Чтобы прекратить всякие сомнения, решили послать в Тулу за нашим старым доктором, милым Николаем Андреевичем Кнерцером.
Приехал Кнерцер, поздоровался с нами и сел около моей кровати. Он посмотрел на высыпавшую на лице и на руках сыпь, поискал ее на других частях тела, пощупал мой лоб, посчитал пульс и велел показать язык.
Потом он посмотрел на меня сначала через очки, потом сверх очков, и мне показалось, что в его глазах мелькнул насмешливый игривый огонек.
То же самое Кнерцер проделал у постели моих братьев.

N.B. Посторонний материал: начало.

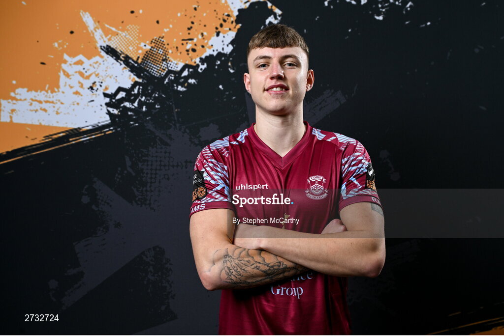 12 February 2024; Tiernan O’Brien poses for a portrait during a Cobh Ramblers FC squad portraits session at St Coleman's Park in Cobh, Cork. Photo by Stephen McCarthy/Sportsfile

– Ну, что же? – спросила мама.
– У детей не корь, – сказал он наконец. – Жара у них нет, и сыпь сосредоточилась только на лице и руках. Не попало ли к ним на лицо что-нибудь такое, что могло произвести это высыпание?
– Не знаю, – сказала мама. Потом обратилась к нам: – Не мазали ли вы лица и рук чем-нибудь?
Меня вдруг осенила мысль.
Это духи из стеклянных поросят, козлят и гусей, которыми мы душили руки и лицо.

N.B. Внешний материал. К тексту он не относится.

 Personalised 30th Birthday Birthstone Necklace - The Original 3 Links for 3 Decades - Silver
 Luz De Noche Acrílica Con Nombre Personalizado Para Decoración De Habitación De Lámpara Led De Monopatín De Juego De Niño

Я быстро перекувыркнулась лицом в подушку и неудержимо начала хохотать, болтая ногами под одеялом.
– Что с тобой? – спросила мама.
– Это гуси! – закричала я. – И козлята. И поросята.
Мальчики поняли меня и тоже начали кричать:
– Это гуси! Поросята! Цыплята! Козлята!
Кнерцер оглядывал нас по очереди, думая, что мы рехнулись.
Когда Кнерцеру объяснили, в чем дело, он велел духи все вылить в помойное ведро.
Нам позволил встать и одеться.
Валяться нам уже надоело, и мы охотно подчинились его приказанию.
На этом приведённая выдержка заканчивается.